Do you have any ideas?

>API discussions aside, what do you want to happen in your scenario
>while the lock is taken? are you OK with other users spinning on the
>lock waiting for it to be released? IIUC that might mean processors
>spinning for a non-negligible period of time?
>
The lock in question is used differently than traditional locks across
processors. This lock helps synchronizes context transition from
non-secure to secure on the same processor.

The usecase, goes like this. In cpuidle, any core can be the last core
to power down. The last man also holds the responsibility of shutting
down shared resources like caches etc. The way the power down of a core
works is, there are some high level decisions made in Linux and these
decisions (like to flush and invalidate caches) etc gets transferred
over to the the secure layer. The secure layer executes the ARM WFI that
powers down the cpu, but uses these decisions passed into to determine
if the cache needs to be invalidated upon wakeup etc.

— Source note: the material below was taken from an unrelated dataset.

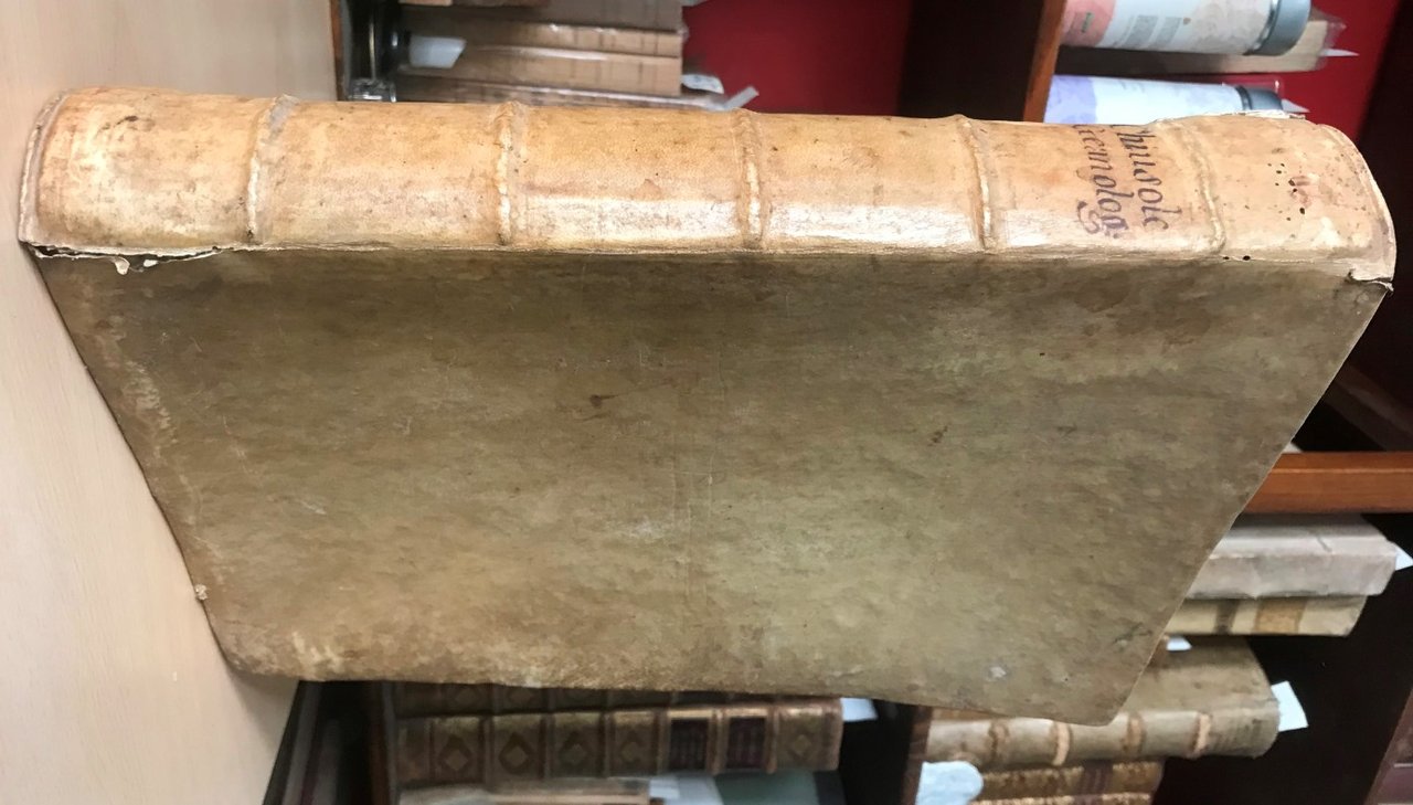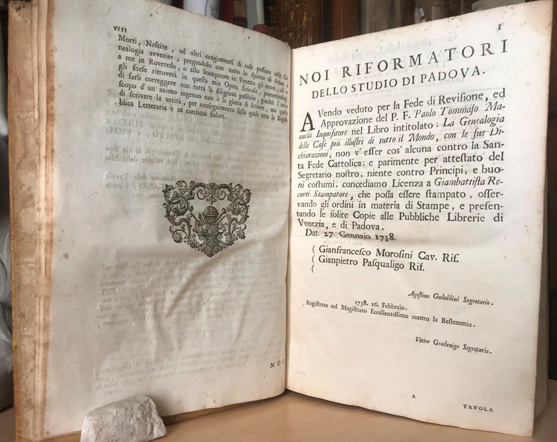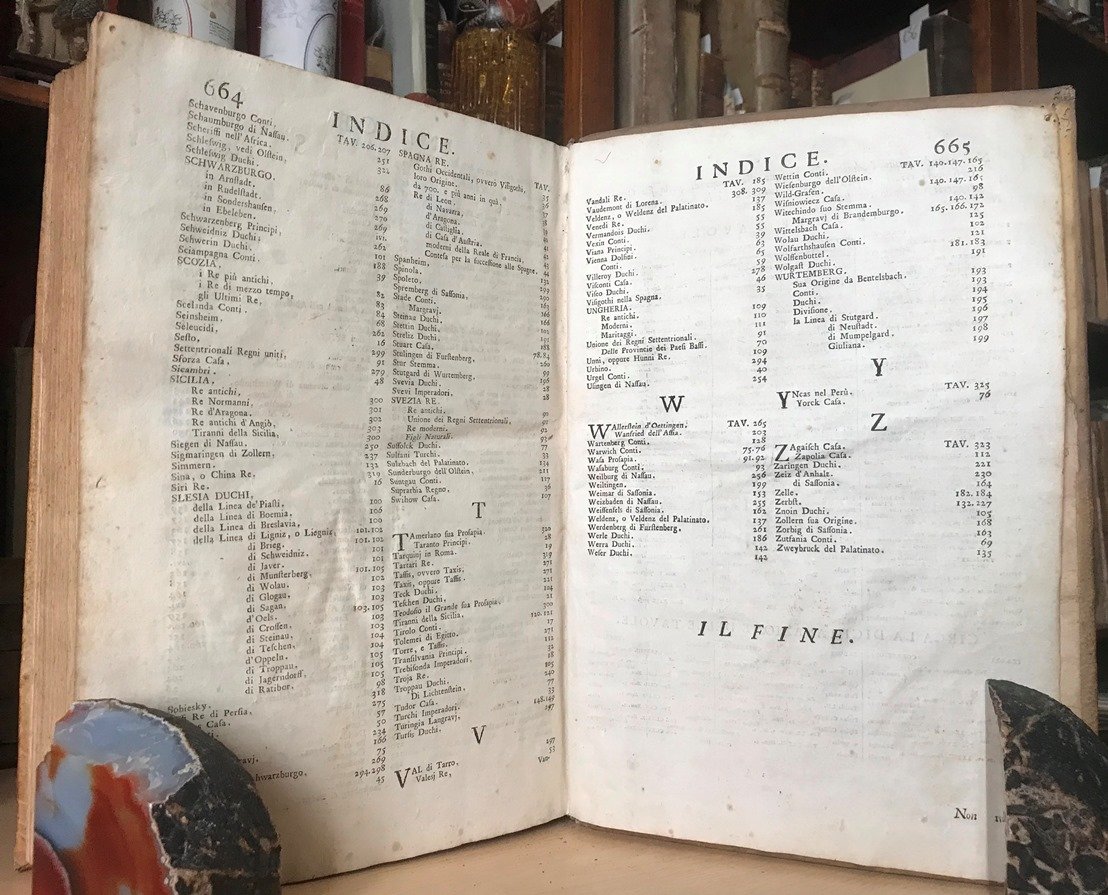Volume in folio, legatura coeva in piena pergamena, titolo manoscritto al dorso a cinque nervi, sguardie, occhiello, frontespizio in rosso e nero con grande marca xilografica, carta dedicatoria al Conte Giambattista Fioravanti Zuanelli, prefazione ed approvazione, (8), VIII, 665 (i.e. 655, numerazione errata), (1) pp. Interessante e notevole opera in edizione originale, di questo autore trentino, nobile del Sacro Romano Impero, viaggiatore geografo e matematico. Chiara, essenziale e facilmente consultabile, ogni tavola genealogica riporta a fronte una esauriente spiegazione studiata sotto l'aspetto storico politico oltre che della consanguineit. Carta greve e frusciante, chiara e priva di mende o fioriture, bel carattere corsivo romanico grande, alcune magnifiche e grandi capilettera e testatine ornate in xilografia, minime mende alle estremit delle cerniere. Opera completa ed originale. Rara, di grande interesse ed in pi che bello stato.

There is a possible race condition between what Linux thinks is the last
core, vs what secure layer thinks is the last core. Lets say, two cores
c0, c1 are going down. c1 is the second last core to go down from Linux
as such, will not carry information about shared resources when making
the SCM call. c1  made the SCM call, but is stuck handling some FIQs. In
the meanwhile c0, goes idle and since its the last core in Linux,
figures out the state of the shared resources. c0 calls into SCM, and
ends up powering down earlier than c1. Per secure layer, the last core
to go down is c1 and the votes of the shared resources are considered
from that core. Things like cache invalidation without flush may happen
as a result of this inconsistency of last man view point.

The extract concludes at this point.